Explain sam flags- https://broadinstitute.github.io/picard/explain-flags.html

#### Alignment statistics
samtools flagstat - http://www.htslib.org/doc/samtools-flagstat.html


- cd ~/workdir/alignment_output/
- samtools flagstat SRR519926.sam

- You can find info on insert size distribution like this:
    - samtools stats SRR519926.sam | grep ^SN | cut -f 2,3

#### Compression, sorting and indexing
- samtools view:  It takes an alignment file and writes a filtered or processed alignment to the output


- Run 08_compress_sort.sh to:
    - convert SAM to BAM
    - To look up specific alignments, it is convenient to have your alignment file indexed. 
    - Indexing is done with samtools as well, but it first needs to be sorted on coordinate (i.e. the alignment location).
    - samtools sort SRR519926.bam > SRR519926.sorted.bam
    - samtools index SRR519926.sorted.bam


- There are two main differences:
    - The SO tag at @HD type code has changed from unsorted to coordinate.
    - A line with the @PG type code for the sorting was added.
Note that the command to view the header (samtools -H) is also added to the header for both runs.

#### Filtering

- With samtools view you can easily filter your alignment file based on flags. 
- To filter out unmapped reads.
- You will need the 0x4 flag.

- samtools view -bh -F 0x4 SRR519926.sorted.bam > SRR519926.sorted.mapped.bam
or
- samtools view -bh -F 4 SRR519926.sorted.bam > SRR519926.sorted.mapped.bam

- Run 09_extract_unmapped&mapped.sh to generate two seperate file for mapped and ummapped and to get the count in each file.

- samtools view also enables you to filter alignments in a specific region. 
- This can be convenient if you don’t want to work with huge alignment files and if you’re only interested in alignments in a particular region. 
- Region filtering only works for sorted and indexed alignment files.

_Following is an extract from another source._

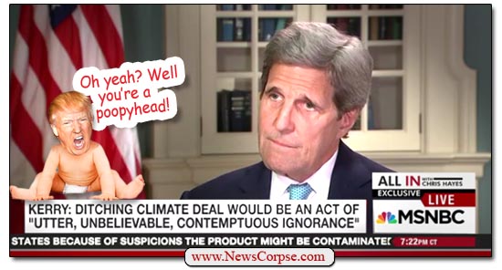 Responding to Trump’s attack on the Paris accords, Secretary of State John Kerry was interviewed on MSNBC’s All In with Chris Hayes (video below). He did not mince words when asked about Trump’s hostility toward the international effort to mitigate the catastrophic effects of climate change:

- Run 10_extract_region.sh

#### Redirection
- Samtools is easy to use in a pipe. 
- In this case you can replace the input file with a -. 
- For example, you can sort and compress the output of your alignment software in a pipe like this:

my_alignment_command | samtools sort - | samtools view -bh - > alignment.bam


- Run 11_align_sort_filter.sh

## IGV and visualisation
- Prepare a bam file for loading it into IGV
- Use IGV to:
    - Navigate through a reference genome and alignments
    - Retrieve information on a specific alignment
    - Investigate (possible) variants
    - Identify repeats and large INDELs

- Tutorial: https://github.com/griffithlab/rnaseq_tutorial/wiki/IGV-Tutorial
- Other tutorials from the same hub: 
    - Tools that integrate DNA-seq and RNA-seq data to help interpret mutations in a regulatory and splicing context.
        - https://github.com/griffithlab/regtools
    - RNAseq tutorial
        - https://github.com/griffithlab/rnaseq_tutorial

- Index the alignment that was filtered for the region between 2000 and 2500 kb
- samtools index SRR519926.sorted.region.bam

Download it together with it’s index file (SRR519926.sorted.region.bam.bai) and the reference genome (ecoli-strK12-MG1655.fasta) to your desktop.
- Load the genome (.fasta) into IGV: Genomes > Load Genome from File…
- Load the alignment file (.bam): File > Load from File…
- Zoom in into the region U00096.3:2046000-2048000.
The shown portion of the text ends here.